CIRCA (Climbing Inspection Robot with Compressed Air) is a unique climbing robot that utilizes McKibben air muscles to climb scaffolding structures for inspection tasks. By connecting multiple CIRCA modules together in different configurations, different methods of locomotion can be achieved. For example, a 'doughnut' configuration would be useful for climbing a pole, and a helical configuration would be useful for ground locomotion.
Unique snake-like robot that utilizes a new way of locomotion to climb pole or scaffolding structures.
DARwIn (Dynamic Anthropomorphic Robot with Intelligence) is a family of fully autonomous humanoid robots capable of bipedal walking and performing human like motions. Developed at the Robotics & Mechanisms Laboratory (RoMeLa) at Virginia Tech, DARwIn is a research platform for studying robot locomotion and autonomous behaviors, and also the base platform for Virginia Tech’s entry to the RoboCup competition.
The Whole Skin Locomotion is a novel locomotion mechanism for mobile robots inspired by the motility mechanisms of single celled organisms that use cytoplasmic streaming to generate pseudopods for locomotion. The embodiment of WSL works by way of an elongated toroid which turns itself inside out in a single continuous motion, effectively generating the overall motion of the cytoplasmic streaming ectoplasmic tube in amoebae.
MiniHUBO (Miniature Humanoid Robot) is an small affordable adaptable robot platform. MiniHUBO is a miniaturized version of the HUBO developed by the Korea Advanced Institute of Science and Technology (KAIST). The goal of MiniHUBO is to develop an affordable and open-ended research platform to expand knowledge in the human robotics field. MiniHUBO is designed to be simple to fabricate and assemble. MiniHUBO is Designed with a flexible control unit capable of easily integrating sensors to increase capability.

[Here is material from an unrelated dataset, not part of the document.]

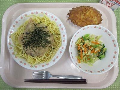 牛乳・スパゲティ大豆ソース・柏野菜のサラダ・スイートポテトパイ

DAVID (Demonstrative Automobile for the Visually Impaired Driver) is the world's very first, and only vehicle than can be driven by the blind, developed in response to an initiative proposed by the National Federation of the Blind (Blind Driver Challenge). Through the development and integration of novel non-visual driver interfaces on an existing vehicle platform, the goal is to provide the blind with a degree of independence that they have never before experienced.
RAPHaEL (Robotic Air Powered Hand with Elastic Ligaments) is a dexterous robotic hand powered by compressed air with a novel actuator in the shape of an accordion like corrugated tubing. Each finger of the hand is actuated by three actuator segments connected to a single compressed air line. All three segments of the finger moves as compressed air enters the actuator triggered by a solenoid, and the finger returns to its original position by elastic members attached to the finger when the air is cut off. The force, position, and compliance of the finger is controlled by a electronic air pressure regulator through feedback from the bending position sensors and force sensors at the tip of each fingers. This mechanism significantly simplifies the design, control, and implementation of a dexterous hand and dramatically lowers the cost enabling it to be a cost effective practical solution for use in prosthesis.
The Cam-based Function Generating Transmission is a novel mechanism that takes two inputs, an angular rotational input and a ‘gear ratio’ selection, and outputs an angular rotation with a variable speed ratio. This transmission has unique characteristics such as generating specific functional speed ratio outputs including dwells, for a constant velocity input.